New CRA rules and rates: April Fools, not

New CRA rules and rates: April Fools, not

Clarke, “That’s right, CRA is also raising the pain … on April 1st no less.”

CRA has added clarity on when and how interest and penalties apply to personal taxes, and has lessened the pain for the taxpayer in some situations – with emphasis on “some” situations.

That’s right, CRA is also raising the pain … on April 1st no less. No joking on the timing!

Any personal tax return filed after the deadline that has tax due is immediately assessed a penalty calculated on the tax owing. This has been 5% for years, but April 1st it’s 6%. The monthly interest on the balance was 1%, but April 1st it’s 2%, that’s an effective rate of about 27% annually.

And if a taxpayer files late twice with tax payable within a four year period, those penalties double.

This situation must not be confused with those taxpayers who file on time, have taxes payable but don’t pay them on time.

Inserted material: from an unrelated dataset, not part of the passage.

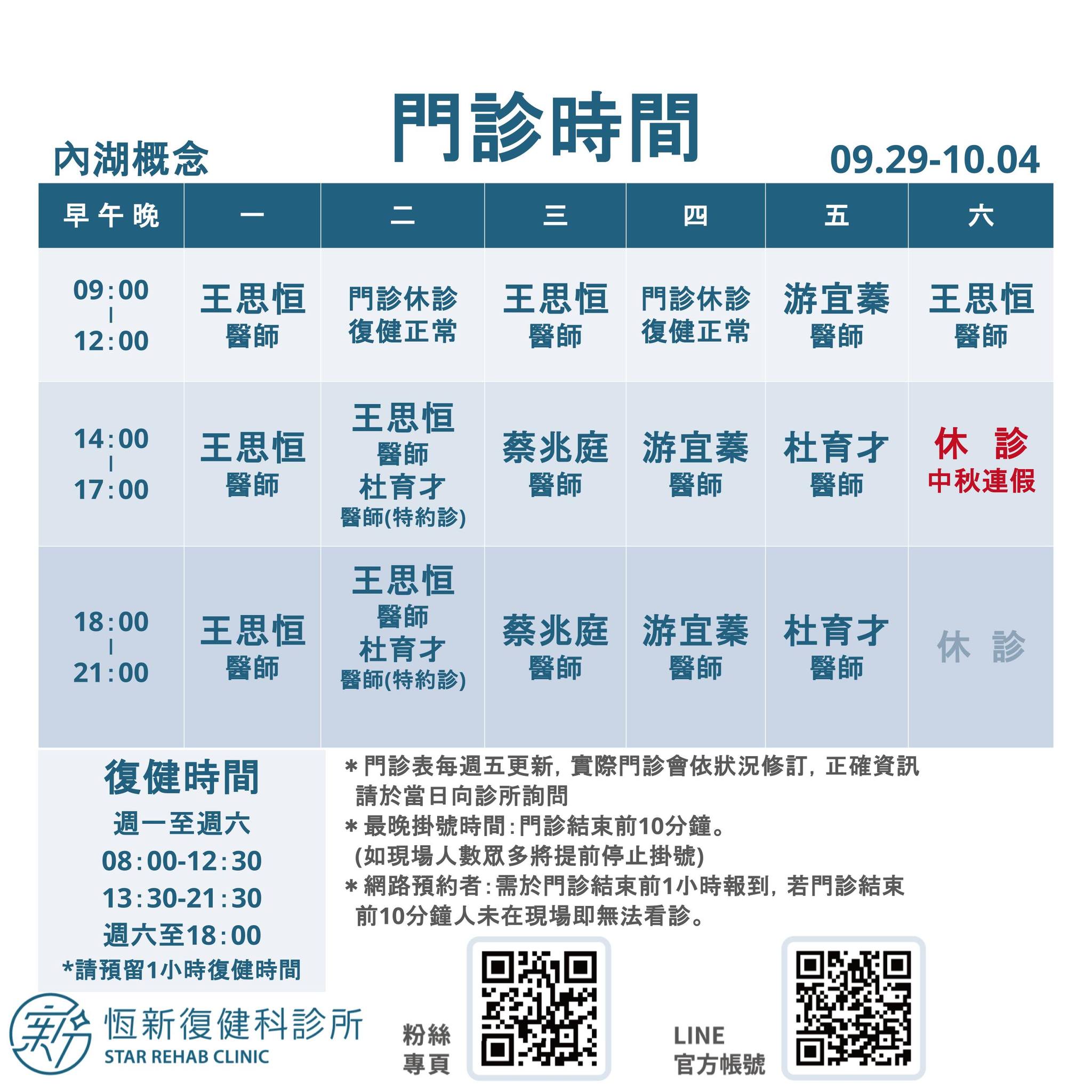 09/29-10/04 門診時間
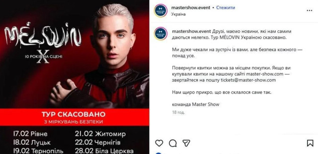 Співак MELOVIN припинив свій концертний тур українськими містами.

As much as there is a balance due, because the taxpayer filed on time, CRA only charges a respectable 5% annual interest rate.

The take away here is to file your T1 tax return on time, regardless of the ability, or inability, to pay the taxes due.

Now it’s true some penalties have been softened, albeit as an attempt by CRA to reduce the quantity of taxpayer Notices of Objection and requests for Tax Payer Relief, not to mention the pressure created from successful taxpayer cases in the Tax Court of Canada.

Most notably, the changes that are levied on the “under filer” have been lowered. This is the taxpayer who does file, but repeatedly files incomplete returns in regards to income. CRA uses the little known penalty referred to as the “failure to report income” penalty to get that taxpayer’s attention.

If a taxpayer fails to report on their tax return a source of income greater than $500 twice in a four year period, CRA assesses the lesser of 10% of the income not reported and 50% of the shortfall of the taxes that should have been paid, less what, if any, was paid. The penalty is calculated using the last revenue that was not reported.

This is a far gentler penalty regime than what it was before when the penalty CRA could have assessed was as much as 100% of the revenue not reported, not 10% as the new rule stands. For example, a missed T5 reporting $5,000 of income could have resulted in a $5,000 penalty even though the tax on it would have been between $0 and $2,000, depending on the taxpayer’s tax bracket.

Besides the obvious take away here of filing complete returns, if after filing it’s discovered that something has been missed, self-identify the omission by filing a T1 adjustment. CRA will not assess the penalty if the taxpayer corrects the situation voluntarily.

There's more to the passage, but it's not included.